Die Welt muss sich gegen ihn verschworen haben: Harpagon, von Geiz zerfressen und von Angst getrieben, misstraut folglich jedem. Und so blitzt es immerzu gefährlich oder argwöhnisch aus Harzers Augen. Tochter Élise (Toini Ruhnke) und Sohn Cléante (Steffen Siegmund) haben ihm nichts entgegenzusetzen: Blass im Gesicht fügen sie sich immer wieder dem Despoten, der Respekt einfordert. Doch allmählich wächst der Widerstand.

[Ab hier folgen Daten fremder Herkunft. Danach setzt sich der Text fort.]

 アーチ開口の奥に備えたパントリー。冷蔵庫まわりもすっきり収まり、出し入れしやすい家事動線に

Vom Sparsamkeitswillen getrieben ist auch die Umsetzung: Ein paar nackte Glühbirnen müssen reichen, detto ein paar Sessel im nackten Bühnenraum. Hier wird nichts verschwendet, selbst die Sterne am Firmament, mit der Harpagon die junge Mariane (Rosa Thormeyer) zu beeindrucken versucht, dürfen nur kurz aufleuchten. Und das verstreute Konfetti wird wieder eingesammelt.

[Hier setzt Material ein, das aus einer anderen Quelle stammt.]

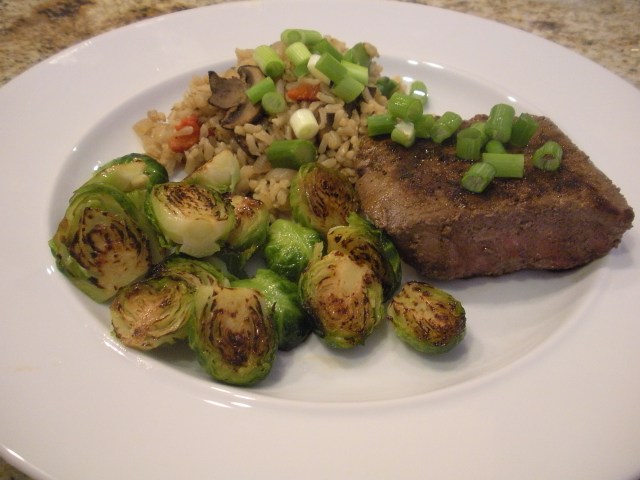 For dinner tonight we had lean bison steaks, brown rice with asparagus and Brussels sprouts. It was a tasty and satisfying meal.

Das sichtbare Defizit in der punktgenauen Ausstattung (Bühne von Peter Schubert, Kostüme von Janina Brinkmann) macht Leander Haußmann getreu dem Küchenmeister-Motto „Koche köstlich ohne Kosten“ mit Phantasie und Pantomime wett: Er lässt einfach klassisches Theater spielen, garniert mit wundersamen Taschenspielertricks. Und so bekommt schließlich fast jedes Ensemblemitglied die Gelegenheit, als Solist zu glänzen.
Pascal Houdus begeistert mit Zungenakrobatik, weil sich dessen schleimender Valère als Schnellsprecher-Spanier im Haus Harpagon eingeführt hat. Und Tim Porath liefert, diversen unnatürlichen Kräften ausgesetzt, Slapstick-Gustostückerln ab: Ein imaginärer Magnet zieht ihm die Beine nach oben, ein gewaltiger Sog saugt ihn von der Bühne. Und irgendwann geht dem Kutscher auch der Hengst in sich durch. Zum Wiehern geradezu.

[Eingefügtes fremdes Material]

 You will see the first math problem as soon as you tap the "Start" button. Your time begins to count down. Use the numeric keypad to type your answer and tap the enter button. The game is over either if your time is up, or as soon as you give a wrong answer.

Nach dem Diebstahl des Geldes – eine nervenzerfetzende „Mission Impossible“-Szene mit Laser-Strahlen aus roten Schnüren – strahlt die Bühne in barocker Pracht. Die Auflösung und das erzwungene Happyend interessieren Haußmann, der auch ein Lied von Ludwig Hirsch einsetzt, nicht so sehr: Da purzelt alles chaotisch durcheinander. Und der monströse Harpagon des Jens Harzer gewinnt in der Niederlage Züge des Jokers. Es regiert der Wahnsinn.